▶ [WHAT IS REQUIRED]: Reproduce the listing exactly and skip over any pictures.

▶ [PROVIDED DATA]:

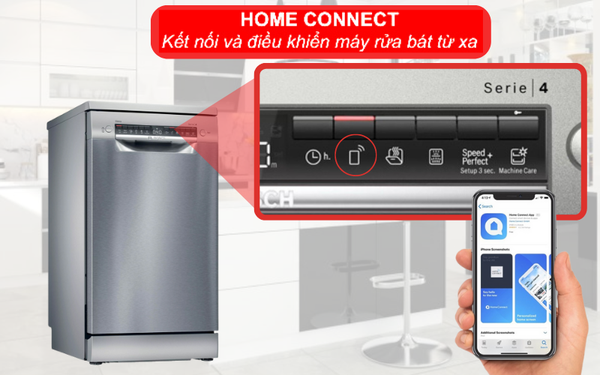 Máy rửa chén Bosch 45cm SPS4EMI60E được trang bị công nghệ Home Connect với các chức năng như:
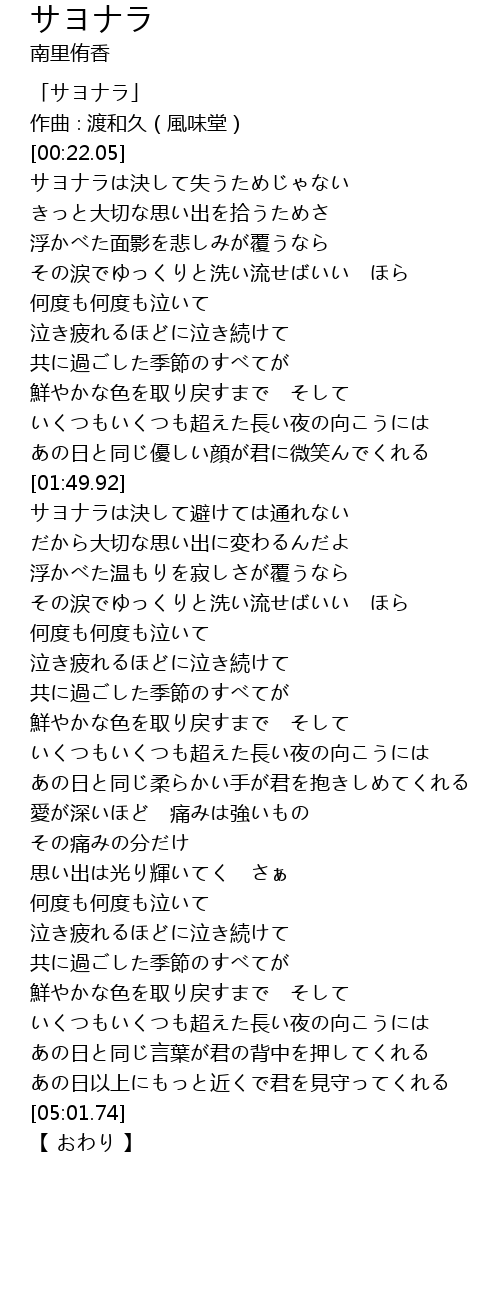 | [02:11.98] | サヨナラは決して避けては通れない |
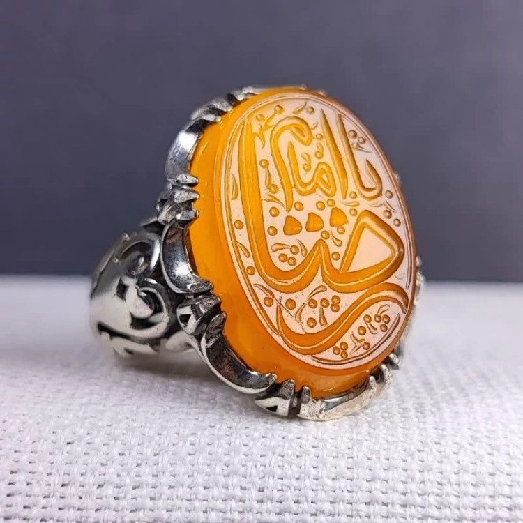 انگشتر نقره مردانه عقیق پرتقالی منقش به یا امام رضا
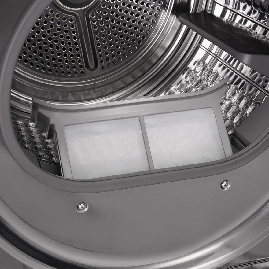 Модель оснащена тепловым насосом, который обеспечивает бережную и эффективную сушку белья. Максимальная загрузка составляет 10 кг. Благодаря классу энергопотребления A+++, машина экономит электроэнергию.

▶ [YOUR SOLUTION]:
 Máy rửa chén Bosch 45cm SPS4EMI60E được trang bị công nghệ Home Connect với các chức năng như:
 | [02:11.98] | サヨナラは決して避けては通れない |
 انگشتر نقره مردانه عقیق پرتقالی منقش به یا امام رضا
 Модель оснащена тепловым насосом, который обеспечивает бережную и эффективную сушку белья. Максимальная загрузка составляет 10 кг. Благодаря классу энергопотребления A+++, машина экономит электроэнергию.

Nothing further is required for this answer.